-- Task prompt --
Nothing but the lines from the one containing "Western blot: A431" through the end of the entries below should appear in your answer, transcribed exactly; please drop the pictures.

-- Records supplied --
+===+

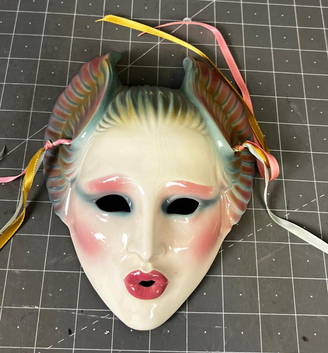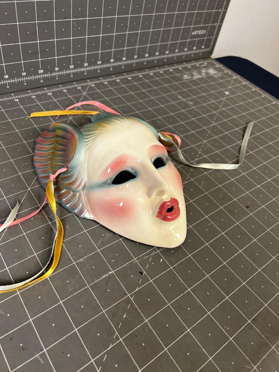 Vintage Clay ART Ceramic Mask Turquoise Mauve Color
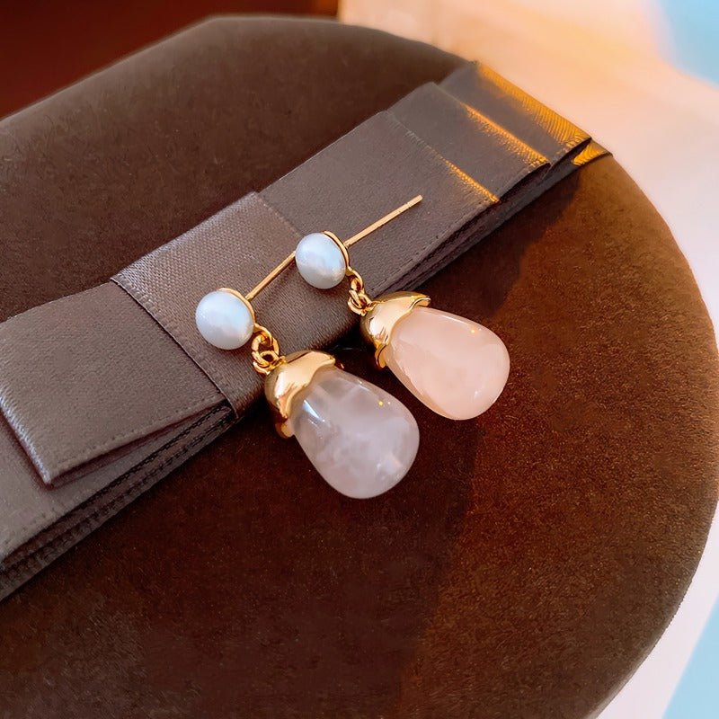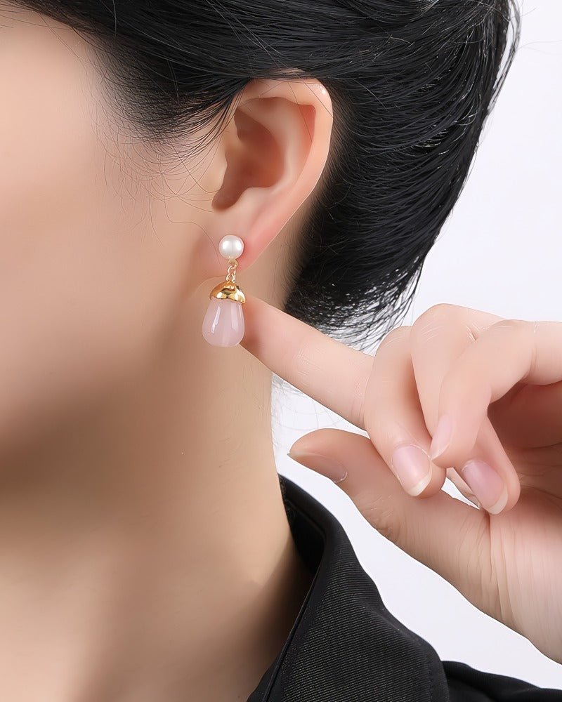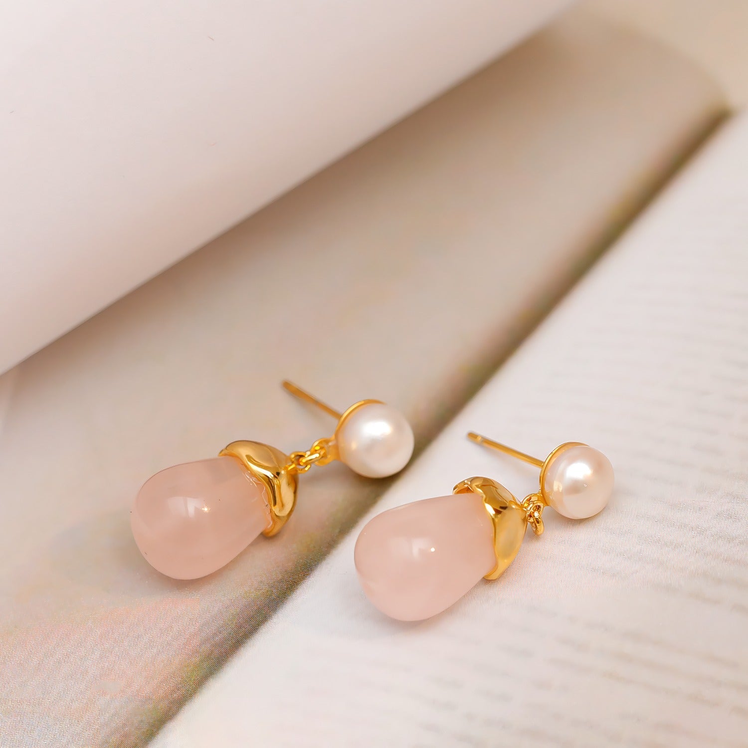 Disse smukke øreringe kombinerer klassiske materialer med bløde, romantiske detaljer. Øverst sidder en naturlig ferskvandsperle, som tilfører elegance og tidløshed, mens den lyserøde dråbeformede sten nederst fremhæver et let og feminint udtryk.
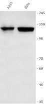Western blot: A431 and Hela stained with ARG45405 anti-RBM12B antibody at 0.5 μg/ml dilution.
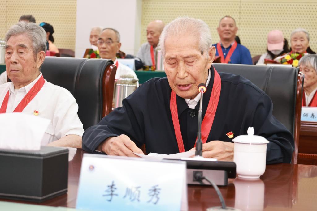 老党员代表李顺秀同志发言,他表达了对党、对学校的感恩之情。他表示,老同志们将永远铭记党的恩情,永远爱党护党,听党话、跟党走,进一步增强责任心使命感,为青年师生树立榜样,为学校的发展发挥余热。
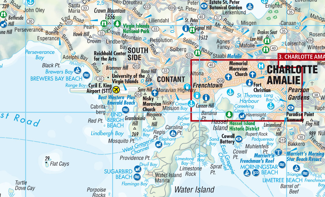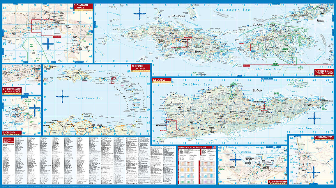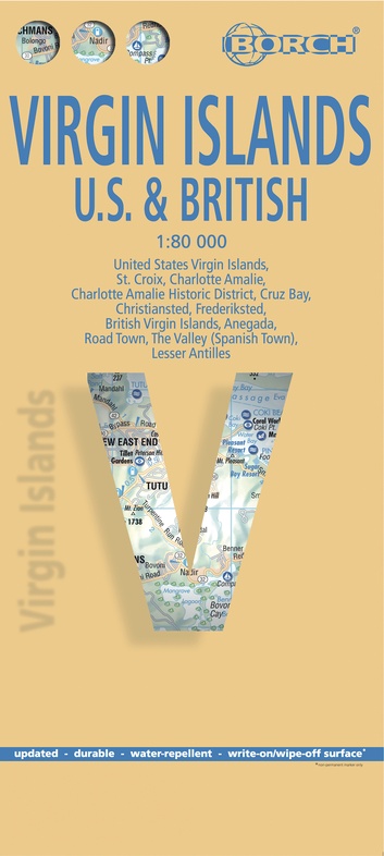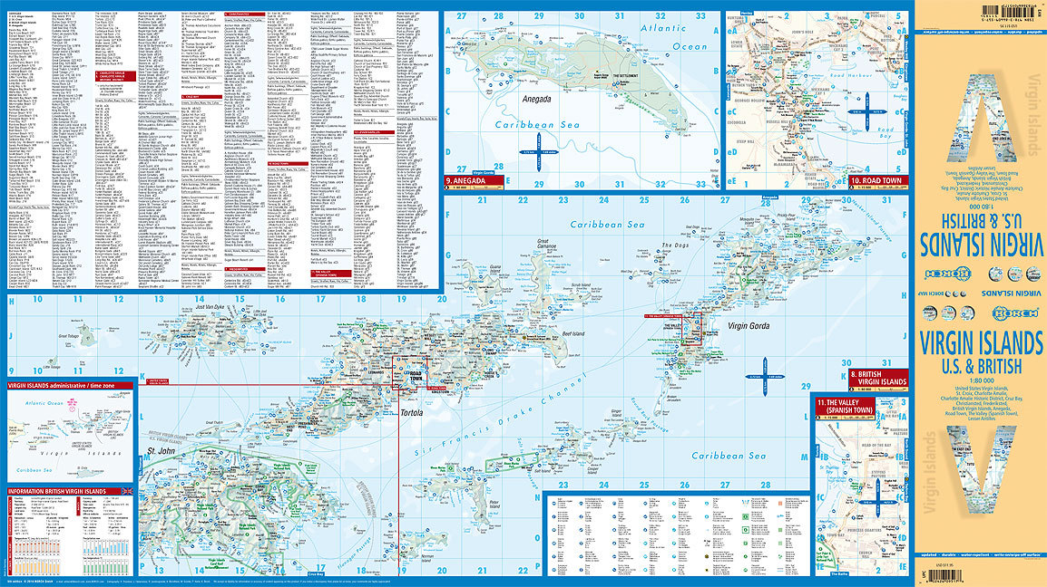 The soft-laminated map of the Virgin Islands includes: US Virgin Islands 1:80 000, St. Croix 1:80 000, Charlotte Amalie 1:15 000, Charlotte Amalie Historic District 1:7 500, Cruz Bay 1:15 000, Christiansted, Frederiksted 1:15 000, British Virgin Islands 1:80 000, Anegada 1:80 000, Road Town, The Valley (Spanish Town) 1:15 000, Lesser Antilles 1:7 000 000, Virgin Islands administrative / time zones; interesting statistics British / US Virgin Islands: conversion chart for temperatures, weights and measures; climate chart with temperatures, sunshine hours, precipitation and humidity; hotels, museums, markets and much more.

+===+

-- Answer area --
Western blot: A431 and Hela stained with ARG45405 anti-RBM12B antibody at 0.5 μg/ml dilution.
 老党员代表李顺秀同志发言,他表达了对党、对学校的感恩之情。他表示,老同志们将永远铭记党的恩情,永远爱党护党,听党话、跟党走,进一步增强责任心使命感,为青年师生树立榜样,为学校的发展发挥余热。
 The soft-laminated map of the Virgin Islands includes: US Virgin Islands 1:80 000, St. Croix 1:80 000, Charlotte Amalie 1:15 000, Charlotte Amalie Historic District 1:7 500, Cruz Bay 1:15 000, Christiansted, Frederiksted 1:15 000, British Virgin Islands 1:80 000, Anegada 1:80 000, Road Town, The Valley (Spanish Town) 1:15 000, Lesser Antilles 1:7 000 000, Virgin Islands administrative / time zones; interesting statistics British / US Virgin Islands: conversion chart for temperatures, weights and measures; climate chart with temperatures, sunshine hours, precipitation and humidity; hotels, museums, markets and much more.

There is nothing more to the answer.